The decree for the registration of title was entered in the circuit court September 18, 1923. Thereafter, at numerous times the attorney for appellant had conferences with attorneys claiming to represent appellees, but at no time was appellant furnished either with a Torrens certificate, abstract of title or guaranty policy prior to the commencement of these proceedings.

It is claimed by appellees that appellant abandoned the contract and was guilty of laches in bringing the suit. There is no evidence in the record that appellant at any time did any act which indicated an intention on its part to abandon the contract. Its officials testified that they were at all times able, ready and willing to fulfill their part of the contract. Appellees at no time prior to the bringing of this suit attempted to declare a forfeiture of the contract and at no time were they in a position to declare such forfeiture, as they themselves were in default in not furnishing to appellant either a Torrens certificate, abstract of title or guaranty policy. Appellant was under no obligation to take any steps in the matter until appellees had complied with this condition of the contract to be performed by them. The furnishing of the indicia of title by appellees was a condition precedent to any act on appellant’s part. No demand for the same was necessary and no demand from appellant to appellees with reference to the taking of title was required. (Krabbenhoft v. Gossau, 337 Ill. 396; Neidhardt v. Frank, 325 id. 596.) Where an abandonment is relied upon there must be shown a clear intention of the parties to abandon the contract, (Mix v. White, 36 Ill. 484,) as courts will indulge no presumption in favor of a waiver of a contract or infer a waiver or abandonment upon slight proof. Appellant was not required to tender the purchase price before appellees had their deed ready for delivery, and until such deed was ready *446for delivery appellees could not lawfully insist upon the forfeiture of the contract. (Frankenfield v. Ross, 328 Ill. 487; Macy v. Brown, 326 id. 556.) The master in his report found “that the record in this case is barren of any facts which would excuse the sellers from carrying out their contract other than the fact that the property has enhanced in value,” and we agree with him in such finding. Where a valid contract exists for the sale of land a court of equity will enforce it as a matter of right where it was fairly and understanding^ entered into and no circumstances of oppression or fraud appear, (Seglin v.

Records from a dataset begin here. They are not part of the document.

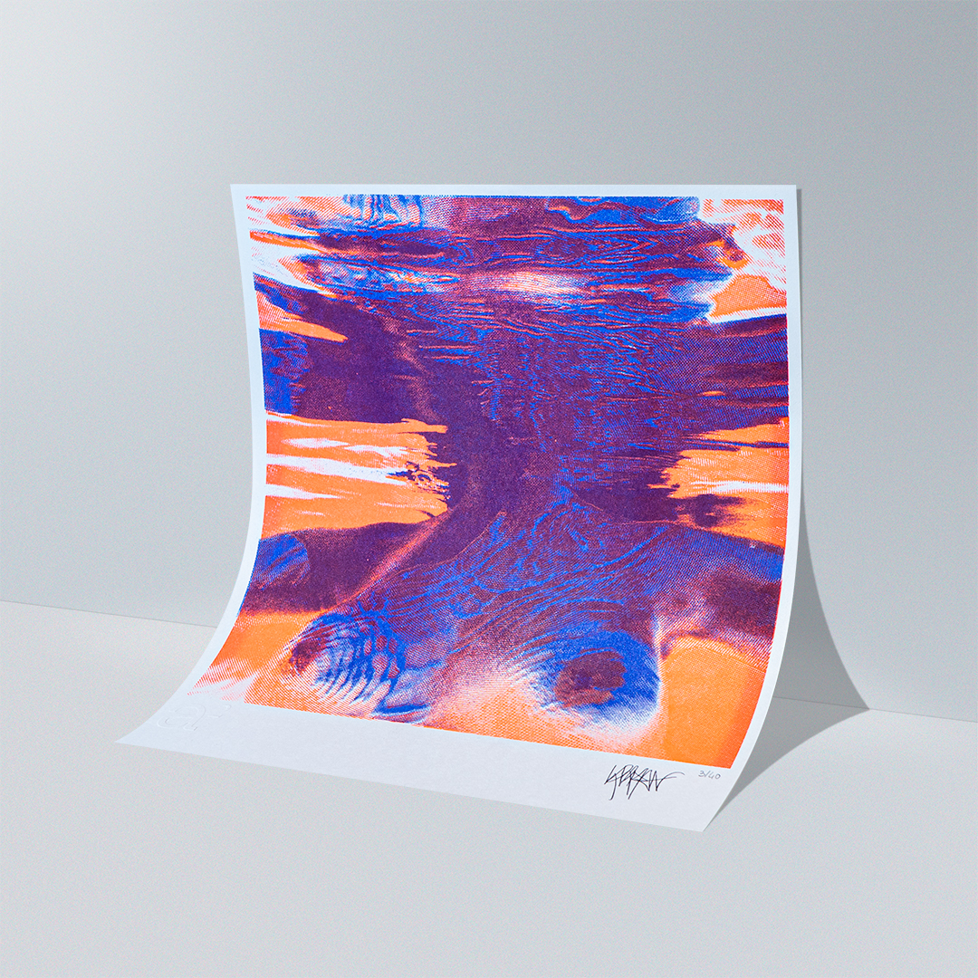 Ce tirage riso est une variation d’une de mes compositions numériques datant de 2017 visible ici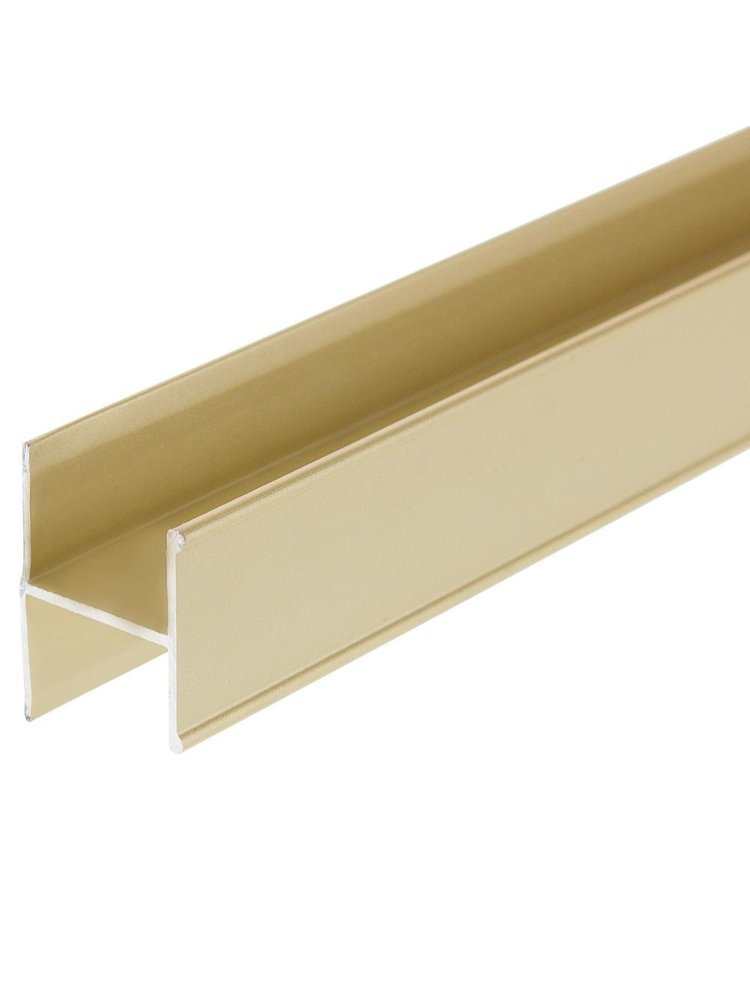 Современное и элегантное решение для аккуратного соединения стыков облицовочных материалов – алюминиевый Н-образный профиль цвета золото придаёт интерьеру изысканный вид и обеспечивает высокую прочность соединений. Применяется при монтаже плитки, панелей ПВХ, МДФ и прочих декоративных покрытий, позволяя добиться идеального стыка даже на длинных поверхностях до 4 метров.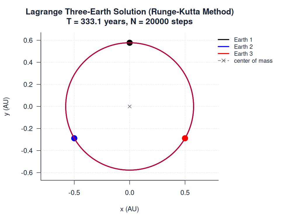 | lagrange_three_earths.htmlimages/three_body/special_solutions/lagrange_three_earths.html | trajectory_animation | Runge-Kutta Method | 900 | Lagrange Three-Earth Solution (Runge-Kutta Method) | T = 333.1 years, N = 20000 steps | |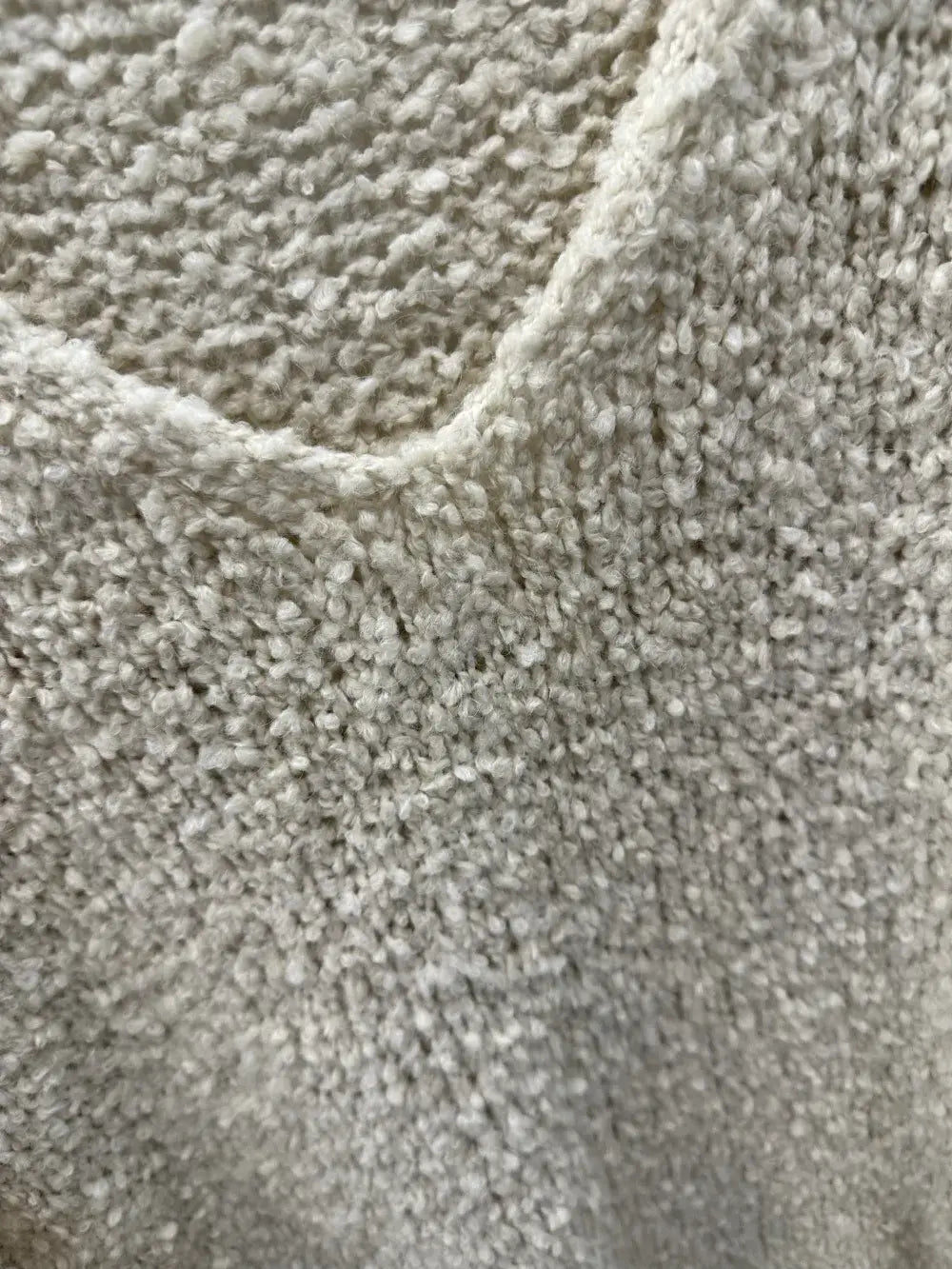 Sammansättning: 62% akryl 8% viskos 8% ull 18% polyester 4% alpacka. Överdimensionerad tröja i ull och alpacka, en storlek, passar storlek 36-42.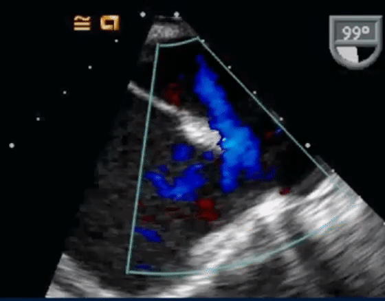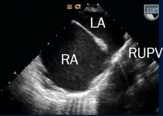 - On Color Doppler, we see the blue flow going from LA to the RA through the superior sinus venosus defect: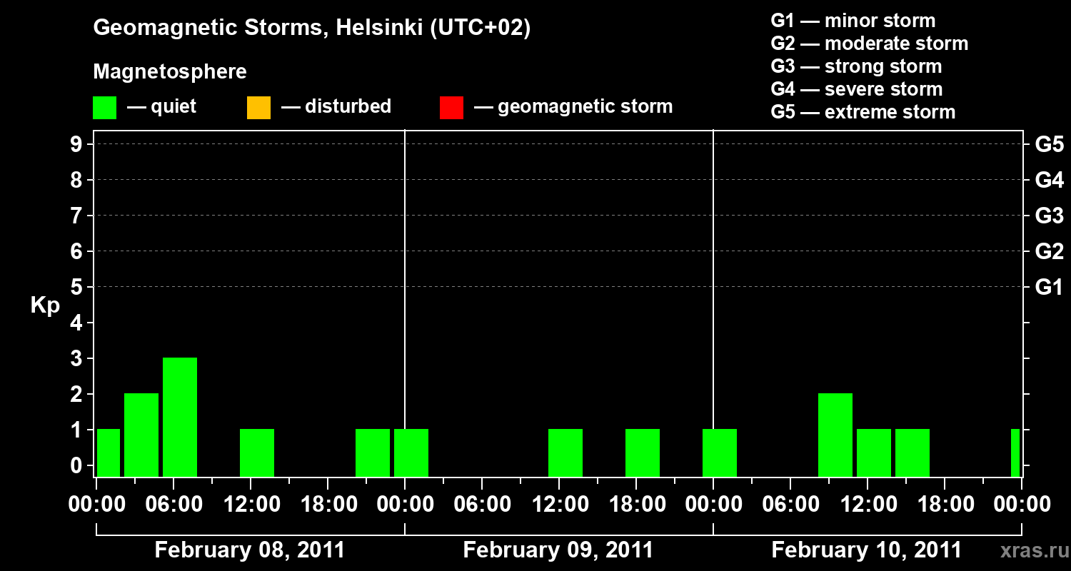 Geomagnetic storms in Helsinki — Feb 10, 2011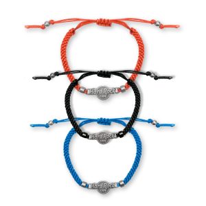 Red Braided Friendship Bracelet This beautifully braided Hard Rock logo friendship bracelet features easy adjustable pull-string closure and lightweight zinc alloy Hard Rock logo charm and beads. Length extends 7in-10in to fit around most size wrists.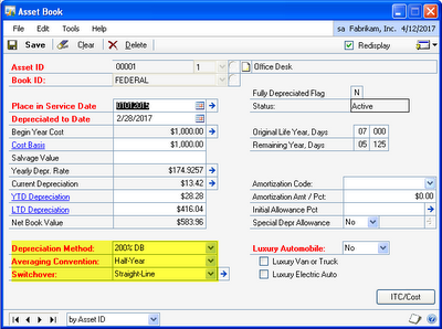 A question I run into rather regularly from users is 'Where do I enter the MACRS tables?'. Well, the short answer is, you don't. GP doesn't utilize MACRS tables for calculating MACRS depreciation. Instead, it uses a combination of the many different depreciation methods and averaging conventions available in GP to simulate MACRS.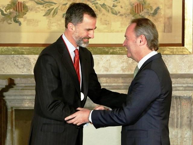 El Presidente de la Generalitat, Alberto Fabra, ha hecho entrega hoy de la Alta Distinción del Gobierno valenciano y de la Gran Cruz de la Orden de Jaume I El Conqueridor a S.M. El Rey Felipe VI

Lemein, 334 Ill. 566,) even though the value of the property had increased materially. Simons v. Morris, 333 Ill. 183.

There is no evidence in the record showing or tending to show that appellees were in any manner prejudiced by appellant’s failure to bring suit for specific performance sooner. Laches is such neglect or omission to assert a right as, taken in conjunction with lapse of time more or less great and other circumstances causing prejudice to the adverse party, operates as a bar in a court of equity. (Morse v. Seibold, 147 Ill. 318.) In an equitable proceeding it is only when by delay or neglect to assert a right the adverse party is lulled into doing that which he would not have done or into omitting to do that which he would have done in reference to the property had the right been properly asserted that the defense of laches will be considered. Simons v. Morris, supra; Neidhardt v. Prank, supra; Troyer v. Erdman, 320 Ill. 140.

The contract for the sale of the land was fairly and under standingly entered into and no circumstances of oppression or fraud appear. Appellees made a written proposition for the sale of the premises in question to appellant and fixed their own price for the same. Their proposition was accepted, and appellant has at no time been in default as to any of its undertakings. The master in chancery correctly held that appellant was entitled to a decree for *447the specific performance of the contract, and the circuit court erred in sustaining appellees’ exceptions to the master’s report.

The decree of the circuit court is reversed and the cause remanded to that court, with directions to enter a decree for the specific performance of the contract.

Reversed and remanded, with directions.